INSTRUCTIONS FOR THE TASK: Write out exactly, please, every line from the beginning of the entries to the line holding "La scala porta", and no pictures.

*** STORED DATA ***

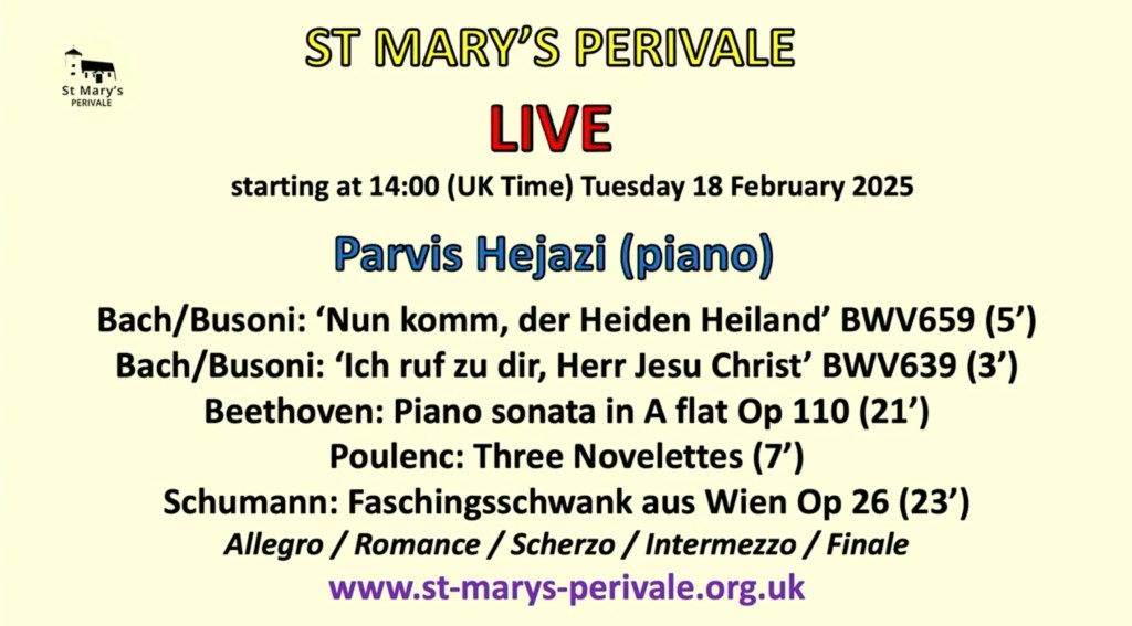 ‘Ich ruf zu dir ‘ is one of the most beautiful of all Busoni’s reimaginings of Bach and I was reminded today of the much missed Nelson Freire who would always include it somewhere in his recitals in Rome together with Gluck/Sgambati : Melody from ‘Orfeo ed Euridice’. Parvis played it with a radiance and a beautiful wave of sounds on which he etched Bach’s glorious melodic invention, sustained by sumptuous bass notes that gave a monumental richness to the beauty that was unfolding from Parvis’s sensitive hands with poignant simplicity.
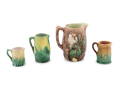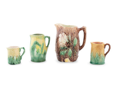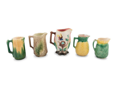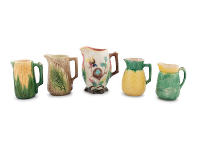 includes a tobacco leaf motif pitcher, a lily motif pitcher, a pineapple form pitcher and other sizes and motifs
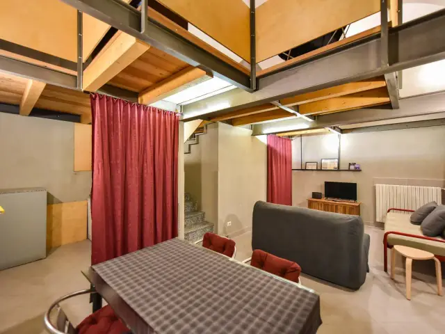 La scala porta al piano soppalco articolato secondo le altezze delle volte storiche in tre zone: due letti con attrezzatura guardaroba e comodino, zona relax con piano appoggio.
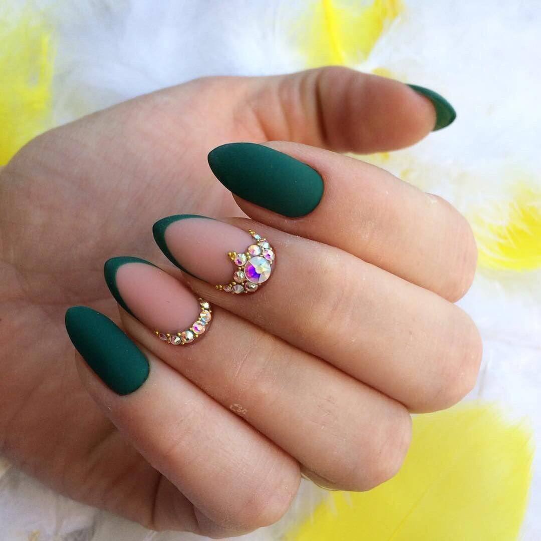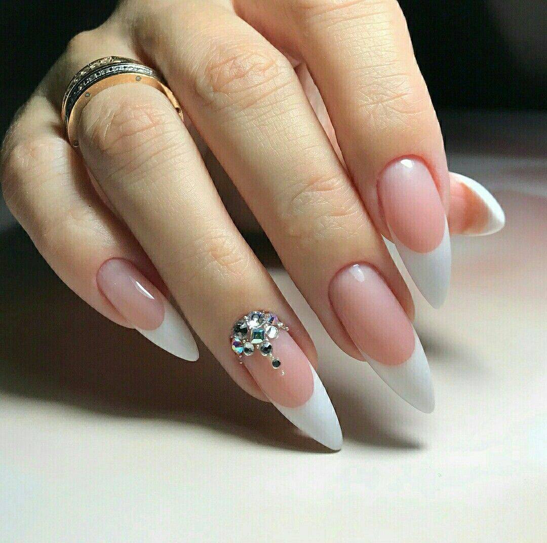 - Острые или миндалевидные ногти. При острой форме края ногтя, даже недостаток длины не является противопоказанием к френчу. Главное, не используйте светлые оттенки, они визуально «съедают» базовый шеллак и выглядят неопрятно.
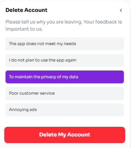 Step3: Select Reason of Account Deletion and Click “Delete My Account”
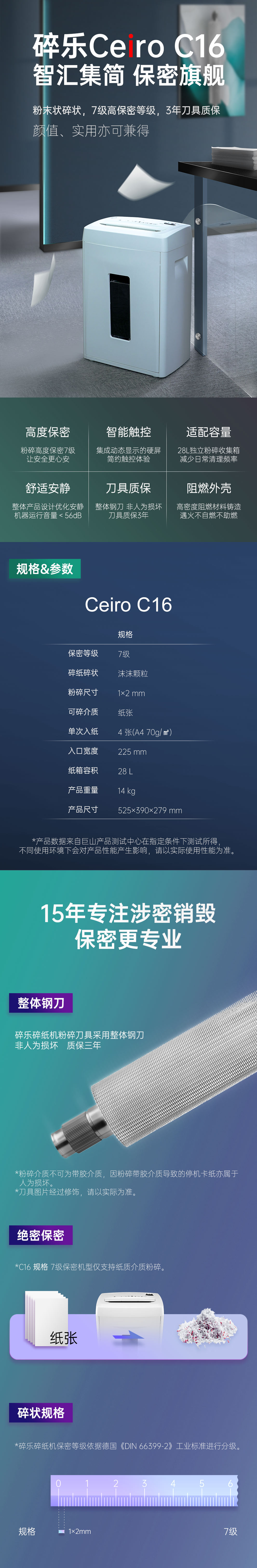 碎乐(Ceiro)C16高保密碎纸机德国[DIN 66399]7级1*2mm尺寸保密,可碎纸张 自营
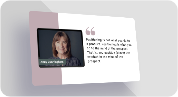 Positioning is not what you do to a product. Positioning is what you do to the mind of the prospect. That is, you position (place) the product in the mind of the prospect. Andy Cunningham
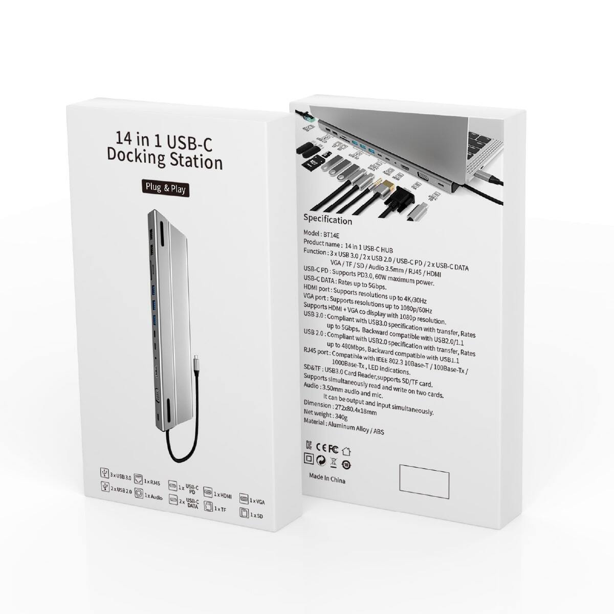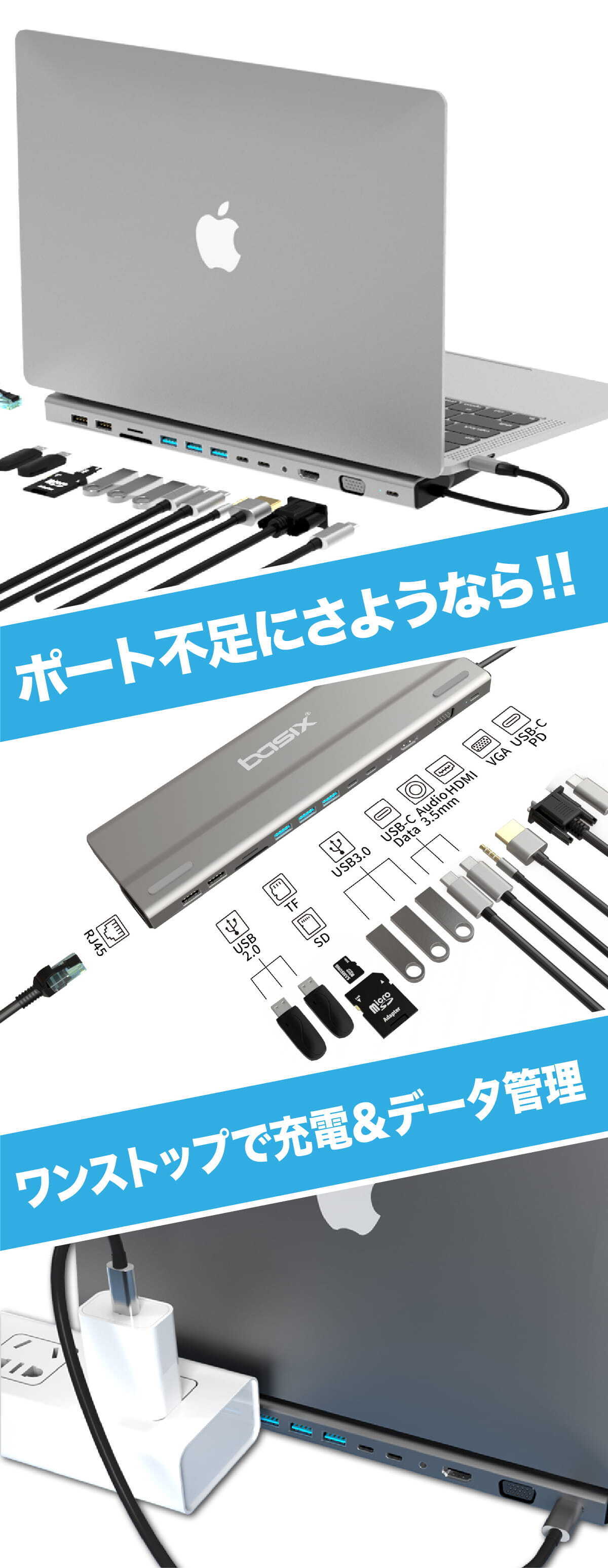 機能:USB 3.0ポート x 3/USB 2.0 ポート x 2/USB-C PD/USB-C Data x 2/VGA/TFカード/SDカード/オーディオジャック 3.5mm/RJ45/HDMI

***

TASK RESULT:
 ‘Ich ruf zu dir ‘ is one of the most beautiful of all Busoni’s reimaginings of Bach and I was reminded today of the much missed Nelson Freire who would always include it somewhere in his recitals in Rome together with Gluck/Sgambati : Melody from ‘Orfeo ed Euridice’. Parvis played it with a radiance and a beautiful wave of sounds on which he etched Bach’s glorious melodic invention, sustained by sumptuous bass notes that gave a monumental richness to the beauty that was unfolding from Parvis’s sensitive hands with poignant simplicity.
 includes a tobacco leaf motif pitcher, a lily motif pitcher, a pineapple form pitcher and other sizes and motifs
 La scala porta al piano soppalco articolato secondo le altezze delle volte storiche in tre zone: due letti con attrezzatura guardaroba e comodino, zona relax con piano appoggio.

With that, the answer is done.